### Work to complete:
In the records below, find the line containing "When we first". Output it and every line after it to the end, unchanged, with no pictures.

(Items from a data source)
══════════════════════════════
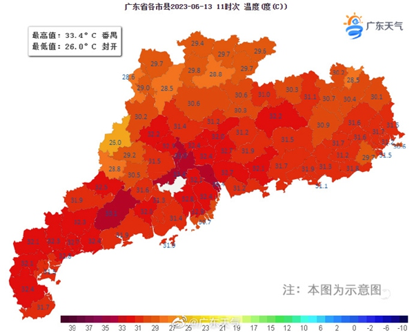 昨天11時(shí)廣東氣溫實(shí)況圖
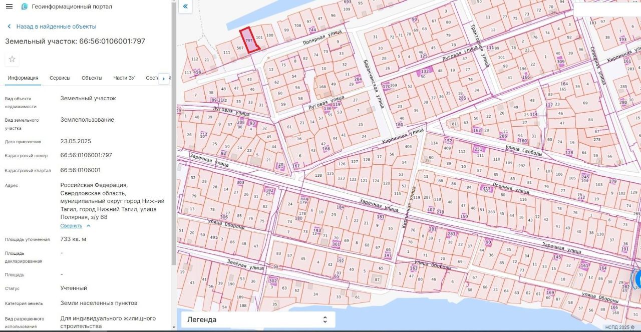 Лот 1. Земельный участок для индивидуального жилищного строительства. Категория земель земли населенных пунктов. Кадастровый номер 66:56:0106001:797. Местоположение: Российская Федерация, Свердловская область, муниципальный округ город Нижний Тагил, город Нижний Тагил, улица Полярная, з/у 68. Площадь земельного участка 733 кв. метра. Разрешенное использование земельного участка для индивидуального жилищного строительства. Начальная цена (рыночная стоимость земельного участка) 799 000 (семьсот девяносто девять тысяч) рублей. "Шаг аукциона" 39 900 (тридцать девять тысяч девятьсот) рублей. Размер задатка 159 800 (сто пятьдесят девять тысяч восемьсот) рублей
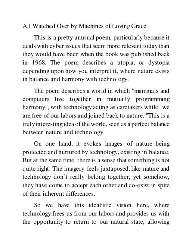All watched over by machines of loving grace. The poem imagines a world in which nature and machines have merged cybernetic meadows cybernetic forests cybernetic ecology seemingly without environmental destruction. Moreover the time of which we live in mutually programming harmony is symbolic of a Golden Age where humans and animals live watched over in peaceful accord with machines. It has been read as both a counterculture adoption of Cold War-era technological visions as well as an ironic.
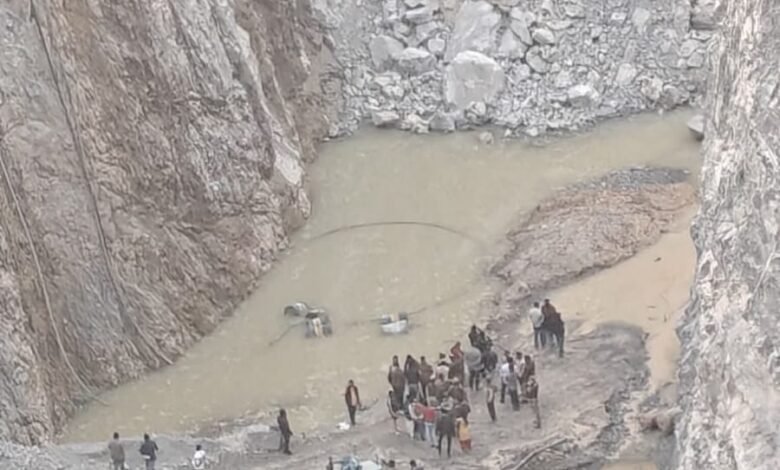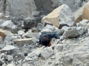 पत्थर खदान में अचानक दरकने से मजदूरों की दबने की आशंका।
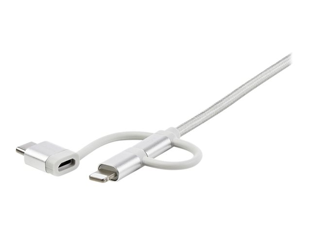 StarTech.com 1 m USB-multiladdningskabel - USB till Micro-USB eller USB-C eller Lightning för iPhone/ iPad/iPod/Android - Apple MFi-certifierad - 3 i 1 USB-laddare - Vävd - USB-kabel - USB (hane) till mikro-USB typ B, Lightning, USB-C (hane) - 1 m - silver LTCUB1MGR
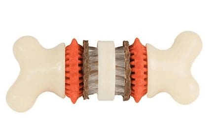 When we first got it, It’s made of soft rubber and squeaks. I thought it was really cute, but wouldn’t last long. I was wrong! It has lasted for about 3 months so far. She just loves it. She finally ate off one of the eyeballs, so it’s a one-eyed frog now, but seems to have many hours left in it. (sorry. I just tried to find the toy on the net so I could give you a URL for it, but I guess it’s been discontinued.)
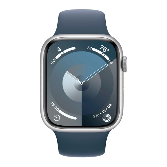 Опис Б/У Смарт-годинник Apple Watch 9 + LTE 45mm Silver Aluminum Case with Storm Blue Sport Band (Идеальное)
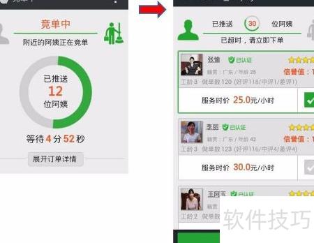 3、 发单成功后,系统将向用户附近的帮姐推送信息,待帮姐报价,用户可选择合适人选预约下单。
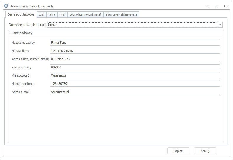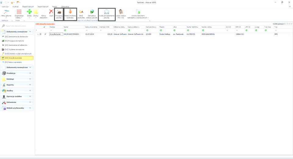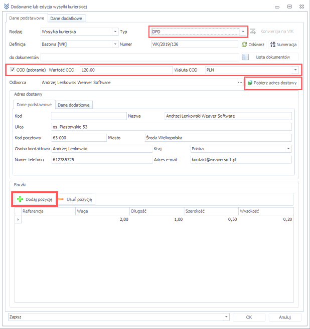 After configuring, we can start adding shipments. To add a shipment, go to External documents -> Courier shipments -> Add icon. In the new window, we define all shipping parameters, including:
══════════════════════════════
### Exercise output:
 When we first got it, It’s made of soft rubber and squeaks. I thought it was really cute, but wouldn’t last long. I was wrong! It has lasted for about 3 months so far. She just loves it. She finally ate off one of the eyeballs, so it’s a one-eyed frog now, but seems to have many hours left in it. (sorry. I just tried to find the toy on the net so I could give you a URL for it, but I guess it’s been discontinued.)
 Опис Б/У Смарт-годинник Apple Watch 9 + LTE 45mm Silver Aluminum Case with Storm Blue Sport Band (Идеальное)
 3、 发单成功后,系统将向用户附近的帮姐推送信息,待帮姐报价,用户可选择合适人选预约下单。
 After configuring, we can start adding shipments. To add a shipment, go to External documents -> Courier shipments -> Add icon. In the new window, we define all shipping parameters, including:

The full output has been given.